◆ GIVEN INFORMATION
┌──

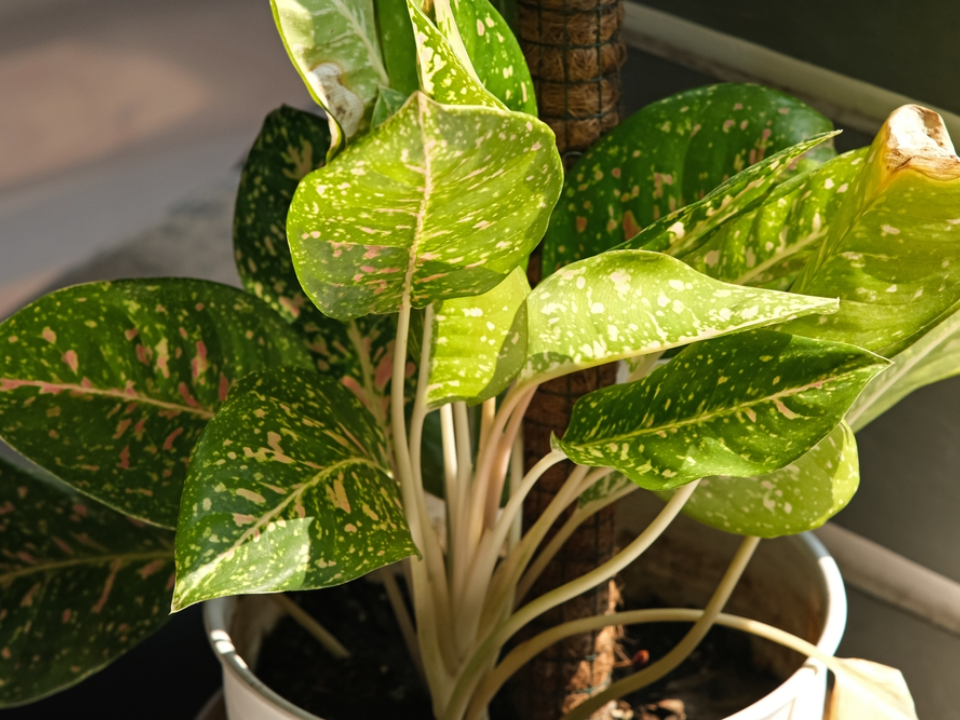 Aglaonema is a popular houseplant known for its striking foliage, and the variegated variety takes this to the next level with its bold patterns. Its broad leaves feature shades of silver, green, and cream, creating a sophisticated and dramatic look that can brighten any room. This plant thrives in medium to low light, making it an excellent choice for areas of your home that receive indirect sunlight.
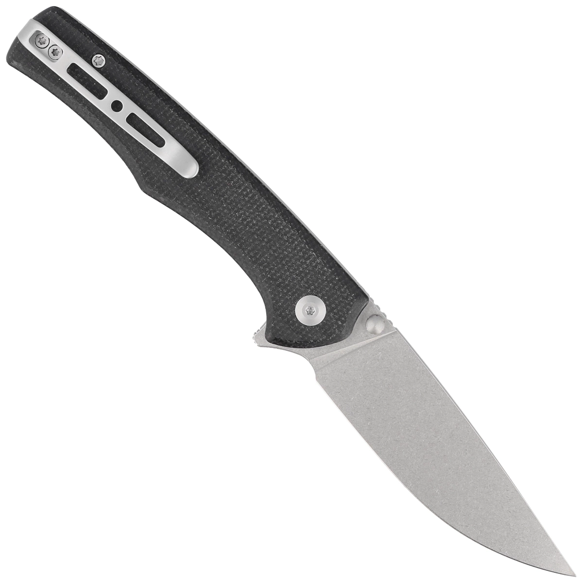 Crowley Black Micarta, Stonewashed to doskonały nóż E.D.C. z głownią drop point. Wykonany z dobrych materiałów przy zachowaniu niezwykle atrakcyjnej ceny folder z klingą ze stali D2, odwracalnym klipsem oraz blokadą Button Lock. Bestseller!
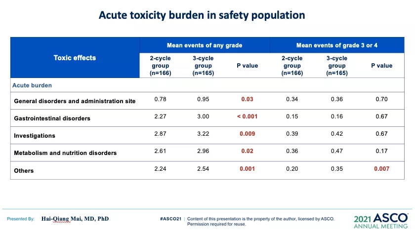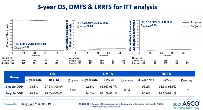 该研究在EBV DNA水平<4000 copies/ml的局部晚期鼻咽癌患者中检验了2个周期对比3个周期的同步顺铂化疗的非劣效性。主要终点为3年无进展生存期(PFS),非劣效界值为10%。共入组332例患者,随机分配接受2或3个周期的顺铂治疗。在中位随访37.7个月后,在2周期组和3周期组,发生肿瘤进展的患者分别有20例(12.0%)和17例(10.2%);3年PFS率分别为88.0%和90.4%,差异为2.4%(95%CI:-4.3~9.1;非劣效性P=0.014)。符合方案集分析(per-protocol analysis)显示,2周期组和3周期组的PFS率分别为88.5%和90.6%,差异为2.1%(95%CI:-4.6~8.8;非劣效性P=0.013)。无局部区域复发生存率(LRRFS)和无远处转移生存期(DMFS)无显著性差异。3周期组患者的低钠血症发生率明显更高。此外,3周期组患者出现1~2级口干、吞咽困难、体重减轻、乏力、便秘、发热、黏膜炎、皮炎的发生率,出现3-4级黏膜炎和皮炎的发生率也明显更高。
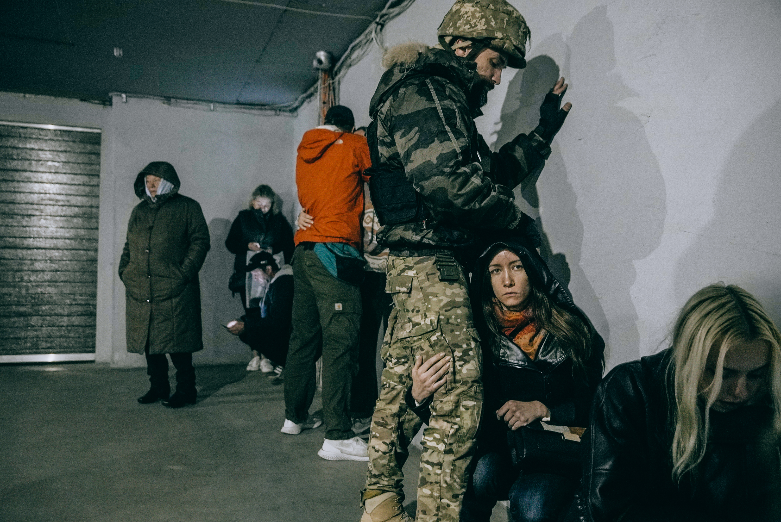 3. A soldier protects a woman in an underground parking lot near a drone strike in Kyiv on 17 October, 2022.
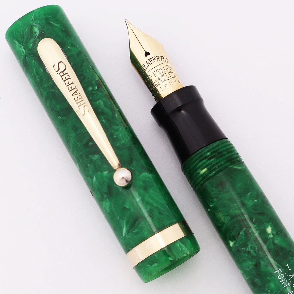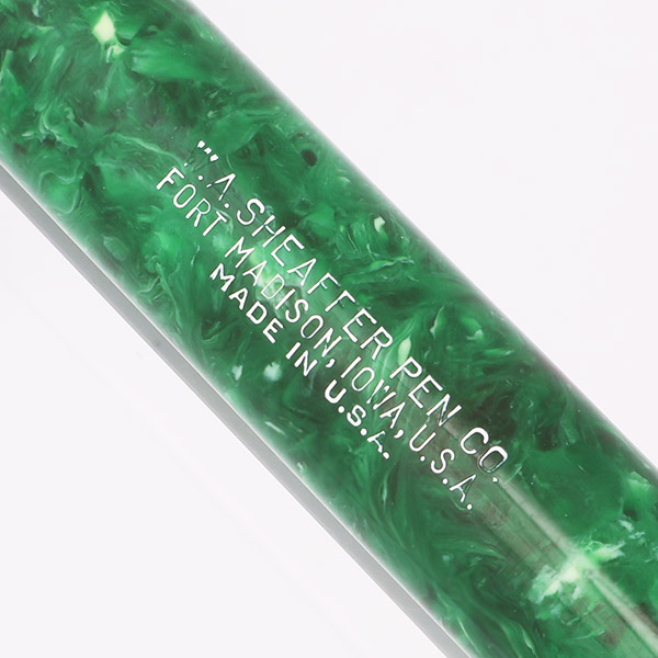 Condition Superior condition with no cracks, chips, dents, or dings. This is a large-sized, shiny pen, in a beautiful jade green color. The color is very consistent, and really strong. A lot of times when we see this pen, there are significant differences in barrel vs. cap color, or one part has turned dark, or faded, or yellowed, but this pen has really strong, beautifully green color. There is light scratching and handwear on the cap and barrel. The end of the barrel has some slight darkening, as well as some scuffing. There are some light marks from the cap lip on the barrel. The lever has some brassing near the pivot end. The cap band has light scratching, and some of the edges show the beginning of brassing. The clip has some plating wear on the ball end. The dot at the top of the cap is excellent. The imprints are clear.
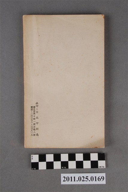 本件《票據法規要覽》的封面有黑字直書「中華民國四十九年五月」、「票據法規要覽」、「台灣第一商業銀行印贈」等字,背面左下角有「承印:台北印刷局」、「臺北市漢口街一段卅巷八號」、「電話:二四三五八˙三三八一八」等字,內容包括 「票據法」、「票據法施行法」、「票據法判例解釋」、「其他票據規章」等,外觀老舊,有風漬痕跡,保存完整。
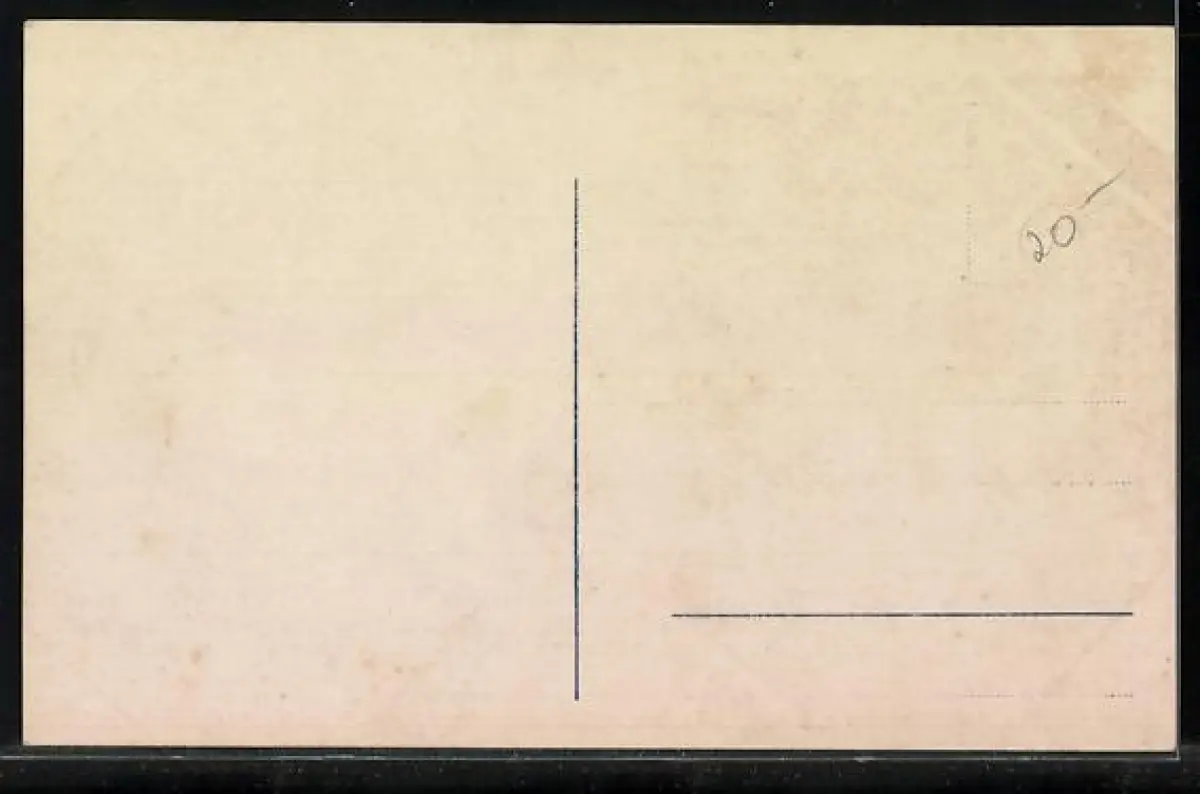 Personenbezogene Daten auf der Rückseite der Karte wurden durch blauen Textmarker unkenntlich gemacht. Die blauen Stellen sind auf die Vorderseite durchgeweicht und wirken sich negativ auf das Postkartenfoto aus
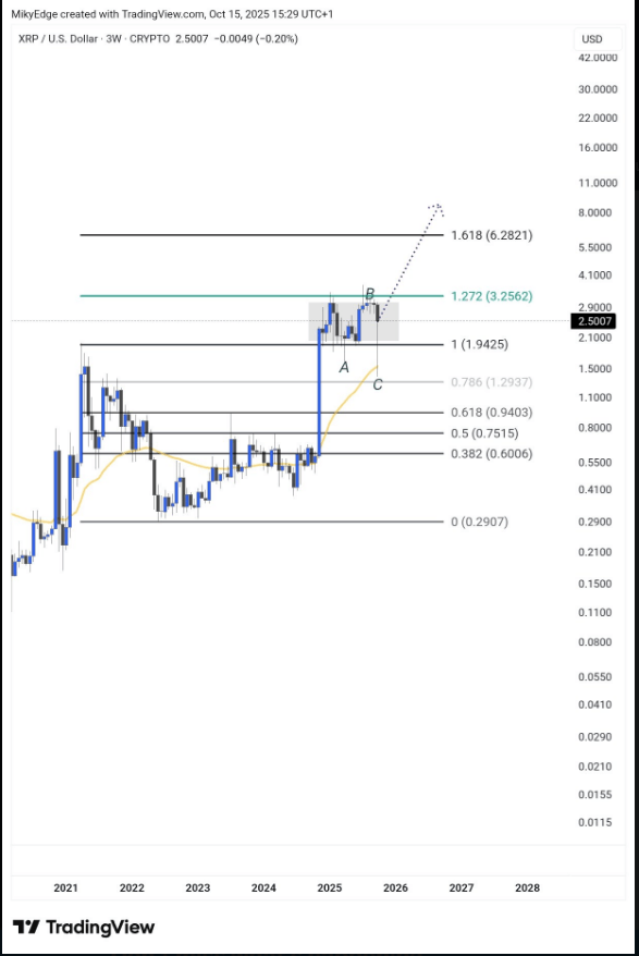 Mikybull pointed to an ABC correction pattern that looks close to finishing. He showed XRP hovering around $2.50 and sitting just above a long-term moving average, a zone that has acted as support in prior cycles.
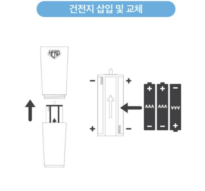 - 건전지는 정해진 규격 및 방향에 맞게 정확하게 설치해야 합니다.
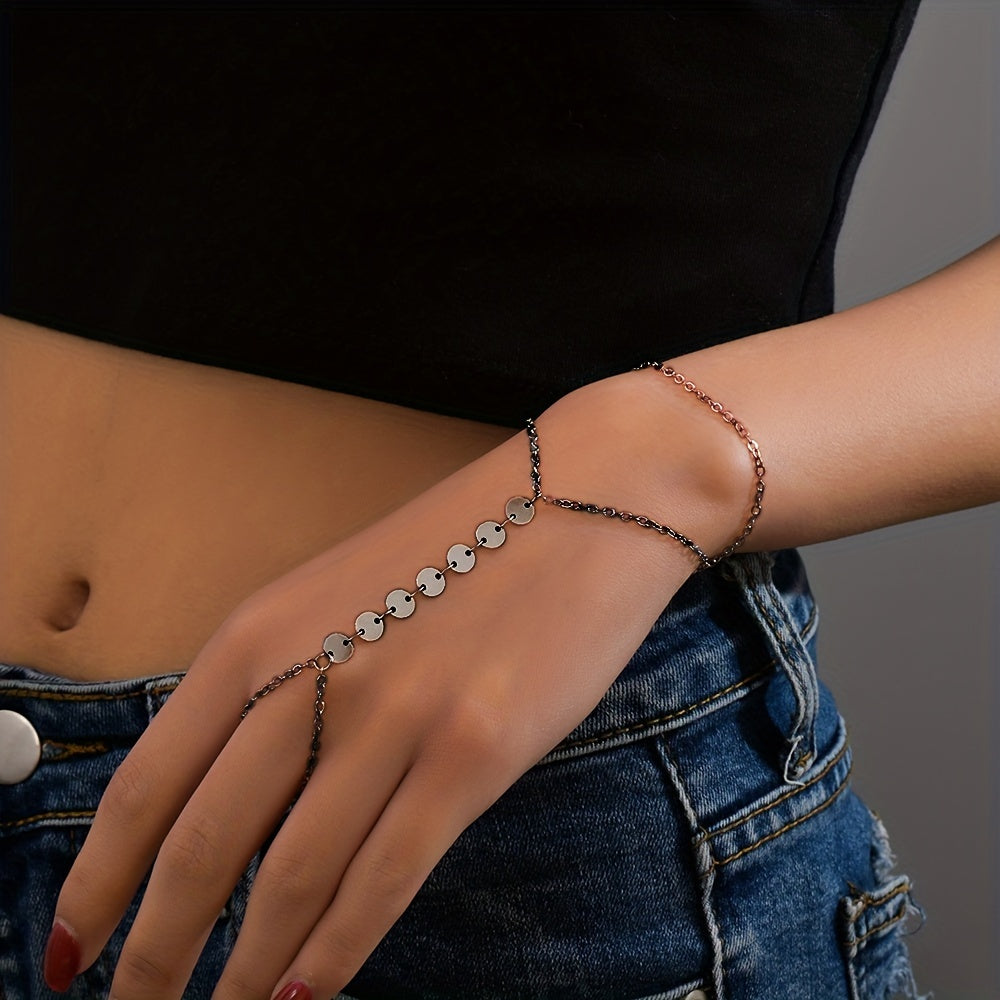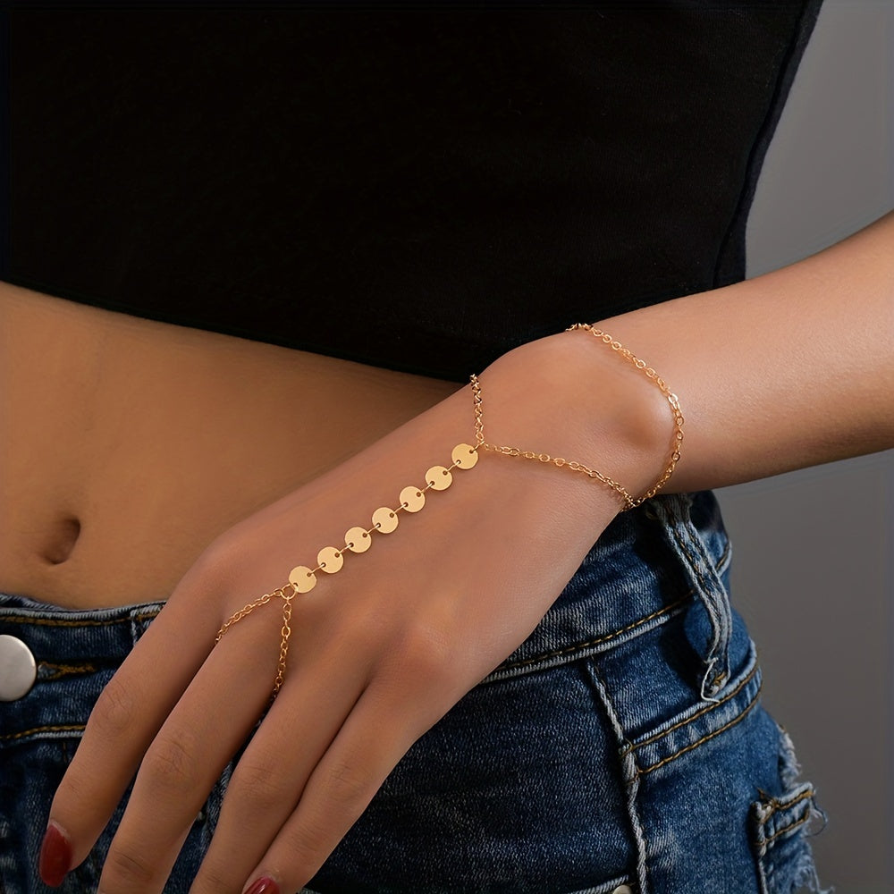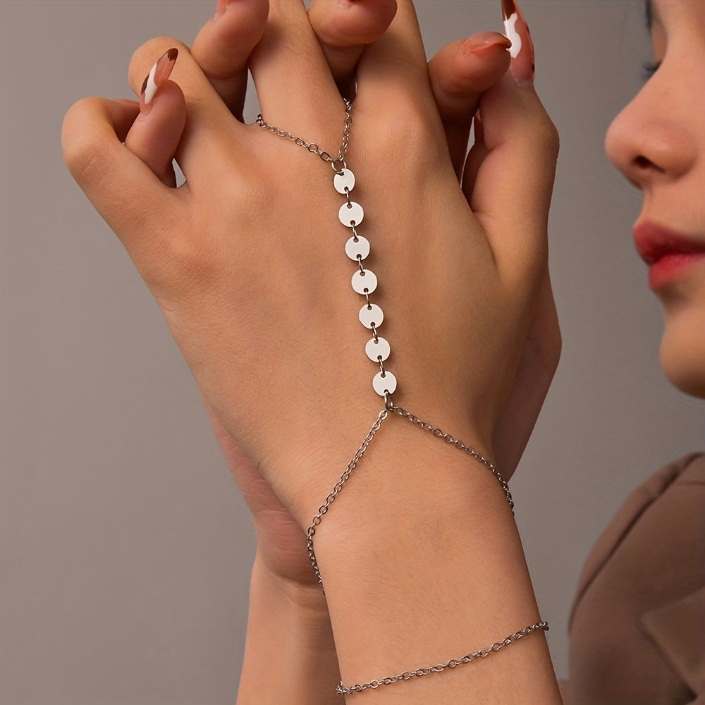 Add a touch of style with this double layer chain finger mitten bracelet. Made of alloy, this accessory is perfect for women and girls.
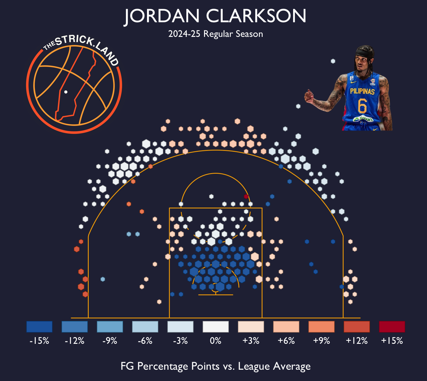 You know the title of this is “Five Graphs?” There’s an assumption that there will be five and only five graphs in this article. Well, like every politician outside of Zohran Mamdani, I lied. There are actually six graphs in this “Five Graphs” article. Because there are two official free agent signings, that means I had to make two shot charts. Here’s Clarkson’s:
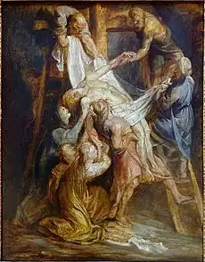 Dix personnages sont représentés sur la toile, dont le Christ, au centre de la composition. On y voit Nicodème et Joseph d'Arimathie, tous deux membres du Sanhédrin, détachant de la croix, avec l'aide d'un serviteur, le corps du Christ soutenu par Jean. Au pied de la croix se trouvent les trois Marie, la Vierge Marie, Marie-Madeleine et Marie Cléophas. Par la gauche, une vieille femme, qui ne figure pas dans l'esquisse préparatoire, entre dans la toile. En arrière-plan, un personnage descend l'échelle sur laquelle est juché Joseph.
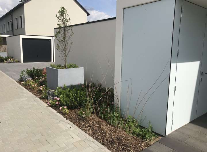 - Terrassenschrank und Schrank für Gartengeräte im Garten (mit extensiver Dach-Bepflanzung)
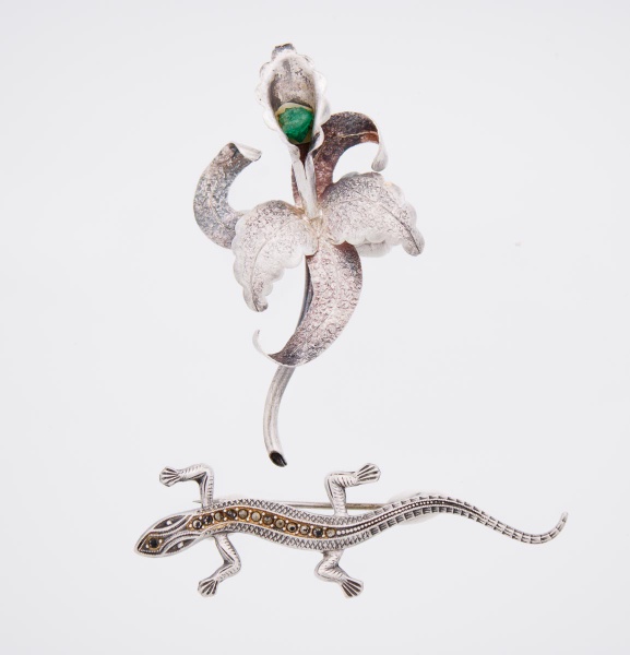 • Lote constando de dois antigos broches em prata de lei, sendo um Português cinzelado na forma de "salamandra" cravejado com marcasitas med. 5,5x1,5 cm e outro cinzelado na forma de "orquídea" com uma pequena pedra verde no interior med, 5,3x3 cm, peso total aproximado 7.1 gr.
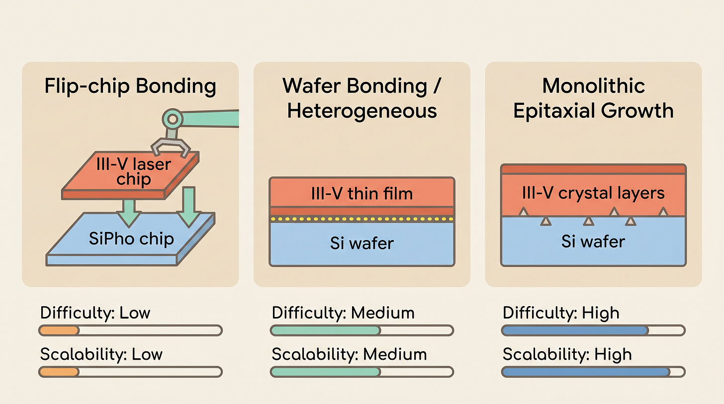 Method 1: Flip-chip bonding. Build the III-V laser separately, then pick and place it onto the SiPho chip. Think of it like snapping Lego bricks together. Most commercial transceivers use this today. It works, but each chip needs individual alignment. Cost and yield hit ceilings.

└──

◆ ACTION ITEM
Retype, word for word, the line containing "Mikybull pointed to" and each line after it through the end of the data, leaving any picture out.

◆ SOLUTION TO THIS TASK
 Mikybull pointed to an ABC correction pattern that looks close to finishing. He showed XRP hovering around $2.50 and sitting just above a long-term moving average, a zone that has acted as support in prior cycles.
 - 건전지는 정해진 규격 및 방향에 맞게 정확하게 설치해야 합니다.
 Add a touch of style with this double layer chain finger mitten bracelet. Made of alloy, this accessory is perfect for women and girls.
 You know the title of this is “Five Graphs?” There’s an assumption that there will be five and only five graphs in this article. Well, like every politician outside of Zohran Mamdani, I lied. There are actually six graphs in this “Five Graphs” article. Because there are two official free agent signings, that means I had to make two shot charts. Here’s Clarkson’s:
 Dix personnages sont représentés sur la toile, dont le Christ, au centre de la composition. On y voit Nicodème et Joseph d'Arimathie, tous deux membres du Sanhédrin, détachant de la croix, avec l'aide d'un serviteur, le corps du Christ soutenu par Jean. Au pied de la croix se trouvent les trois Marie, la Vierge Marie, Marie-Madeleine et Marie Cléophas. Par la gauche, une vieille femme, qui ne figure pas dans l'esquisse préparatoire, entre dans la toile. En arrière-plan, un personnage descend l'échelle sur laquelle est juché Joseph.
 - Terrassenschrank und Schrank für Gartengeräte im Garten (mit extensiver Dach-Bepflanzung)
 • Lote constando de dois antigos broches em prata de lei, sendo um Português cinzelado na forma de "salamandra" cravejado com marcasitas med. 5,5x1,5 cm e outro cinzelado na forma de "orquídea" com uma pequena pedra verde no interior med, 5,3x3 cm, peso total aproximado 7.1 gr.
 Method 1: Flip-chip bonding. Build the III-V laser separately, then pick and place it onto the SiPho chip. Think of it like snapping Lego bricks together. Most commercial transceivers use this today. It works, but each chip needs individual alignment. Cost and yield hit ceilings.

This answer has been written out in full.